Rolls-Royce Limited was created over a famous lunch brokered by Henry Edmunds at the Midland Hotel in Manchester on 4th May 1904. Edmunds brought together Henry Royce, a successful engineer and Charles Rolls, the owner of one of the first car dealerships. The rest is history.
Charles Rolls trained as a mechanical engineer at Cambridge. The first undergraduate to own a car, he soon began racing and to fund his passion set up a car dealership, selling mostly foreign cars.
By 1903 he was looking for a supplier of reliable English cars which led to his introduction to Henry Royce. Rolls was also an accomplished pilot, he was the first aviator to complete a double crossing of the English Channel.

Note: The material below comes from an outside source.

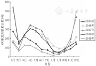 2015年至2019年GAS抗原各个年龄段均有检出,5年的曲线趋势一致,均以3~8岁阳性率较高,其中4~ 6岁阳性率最高,1岁以下的患儿和大于11岁的患儿GAS抗原阳性检出率低(图1)。
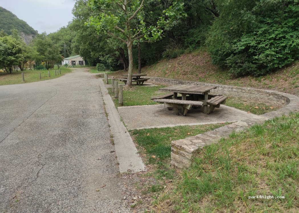 très chouette zone paisible pour un pique nique mais pas de poubelle. possibilité de stop avec un groupe accueilli sur un petit muret à côté de 2 grandes tables.

Tragically, he was killed when his aircraft crashed at an air show in July 1910.
Henry Royce had a passion for engineering and set up his first business at the age of 21. Known for his attention to detail and pursuit of perfection, he registered his first patent (the bayonet lamp socket) in 1887 and went on to produce dynamos, electrical motors and world-renowned cranes.
Dissatisfied with his first car in 1902 - a Decauville - Royce characteristically decided he could improve on it and turned his attention to build the best motor cars in the world.
By the end of 1903 Royce had designed and built his first engine and the first of three prototypes took to the road in 1904. First introduced in 1907, the 40/50 HP, later to become known as the Silver Ghost, remained in production until 1925. It was powered by a six-cylinder engine in two blocks of three and originally displaced 7,036cc but in 1909 this was increased to 7,428cc. Best-known body styles included the Barker Tourer, Hooper Landaulet, the London-Edinburgh type and Barker enclosed cabriolet.
The first cars were built in Royce's Cooke Street factory in Manchester but following the success of the Silver Ghost, the company moved to a custom-built factory, designed by Royce, in Nightingale Road, Derby.